Organizations using knowledge-based verification relied on data from credit bureaus, and asked users to verify their identifies by multiple-choice questions about their phone numbers or addresses on file, or the bank they used to obtain a mortgage.
“The whole idea was these were out-of-wallet questions, meaning if I found your wallet on the street or stole it from you, I would not be able to answer the questions. And it worked for a while, until the attackers caught up,” Grant said.
The prevalence of massive data breaches made it easier for malicious actors to obtain the types of information needed to compromise knowledge-based verification.
The National Institute of Standards and Technology said it no longer recognizes knowledge-based authentication as an “acceptable authenticator” by its digital identity guidelines.
“The ease with which an attacker can discover the answers to many KBA questions, and relatively small number of possible choices for many of them, cause KBA to have an unacceptably high risk of successful use by an attacker,” NIST wrote in a frequently asked questions post from 2020.
NIST, under its Special Publication 800-63A, still permits knowledge-based verification for in “resolving identities and, with restrictions, in remote identity verification during enrollment and proofing.”
“This is what happens in security.

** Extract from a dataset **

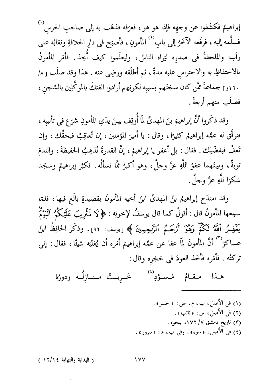 وَقَدِ امْتَدَحَ إِبْرَاهِيمُ بْنُ الْمَهْدِيِّ ابْنَ أَخِيهِ الْمَأْمُونَ بِقَصِيدَةٍ بَالَغَ فِيهَا، فَلَمَّا سَمِعَهَا الْمَأْمُونُ قَالَ: أَقُولُ كَمَا قَالَ يُوسُفُ لِإِخْوَتِهِ: {لَا تَثْرِيبَ عَلَيْكُمُ الْيَوْمَ يَغْفِرُ اللَّهُ لَكُمْ وَهُوَ أَرْحَمُ الرَّاحِمِينَ} [يوسف: 92] وَذَكَرَ الْحَافِظُ ابْنُ عَسَاكِرَ أَنَّ الْمَأْمُونَ لَمَّا عَفَا عَنْ عَمِّهِ إِبْرَاهِيمَ أَمَرَهُ أَنْ يُغَنِّيَهُ شَيْئًا، فَقَالَ: إِنِّي تَرَكْتُهُ. فَأَمَرَهُ فَأَخَذَ الْعُودَ فِي حِجْرِهِ، وَقَالَ:
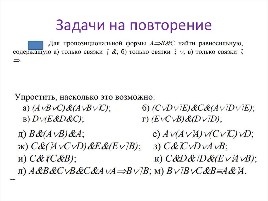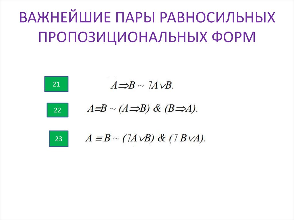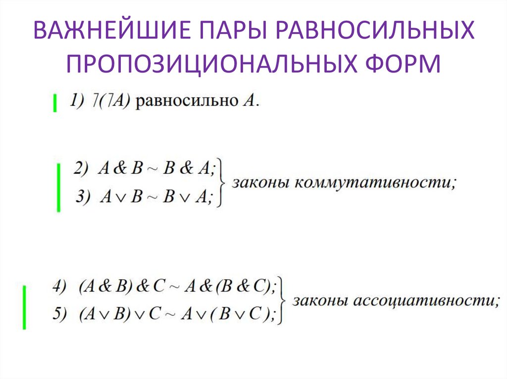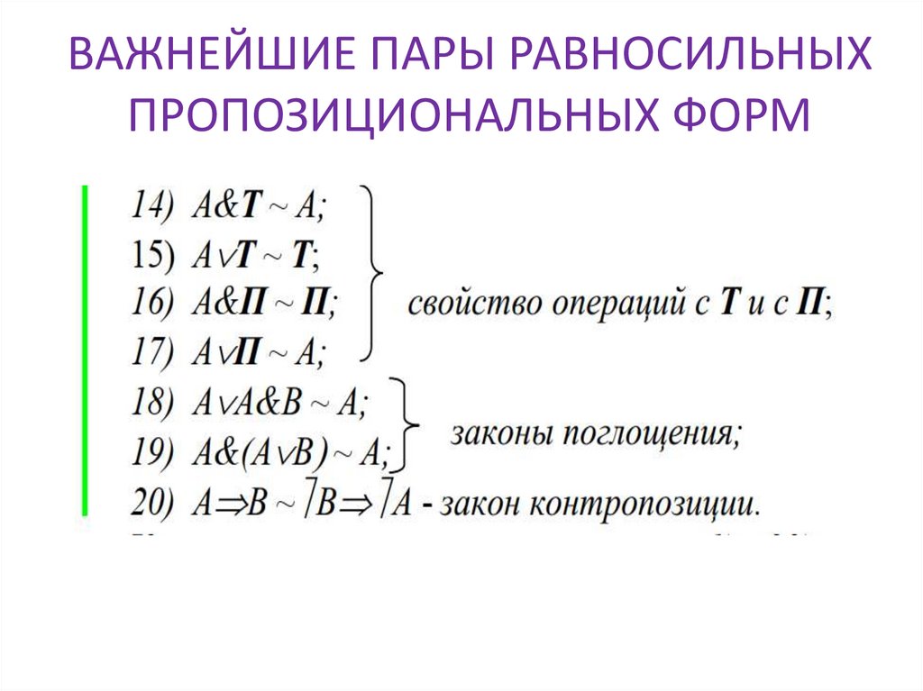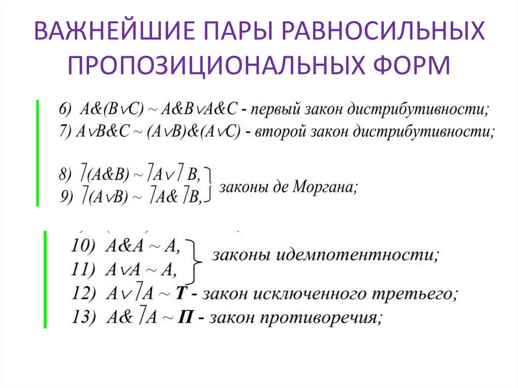 ВАЖНЕЙШИЕ ПАРЫ РАВНОСИЛЬНЫХПРОПОЗИЦИОНАЛЬНЫХ ФОРМ

A threat develops, industry comes up with ways to address the threat, and then the attackers pivot and innovate, and come up with new ways to catch up with it,” Grant said.
While lawmakers have been quick to dismiss the use of facial recognition in government services, few have suggested an alternative to strengthen digital identity.

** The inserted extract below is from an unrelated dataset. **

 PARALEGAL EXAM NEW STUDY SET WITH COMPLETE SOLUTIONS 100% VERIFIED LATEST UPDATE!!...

The legislation would also direct NIST to develop a “digital identity framework” to guide federal, state and local efforts to support identity verification services.
The Better Identity Coalition supports the legislation, and Grant said the bill “needs to move forward as quickly as possible.” At the very least, he said Congress needs to come to some consensus on how agencies should rethink identity verification.
“This is not to say that any one solution is the wrong one or the right one, but I think there’s a bigger tradeoff that policymakers need to be considering right now, which is what kind of services do you want your constituents to access online, and understanding that offering any high-value service, where an agency’s going to disclose personal data or make money available, is going to be a huge target for organized crime. What sorts of solutions are you willing to consider letting agencies use to offer those services in a way that is secure, that is equitable, that protects privacy? There isn’t any single answer,” Grant said.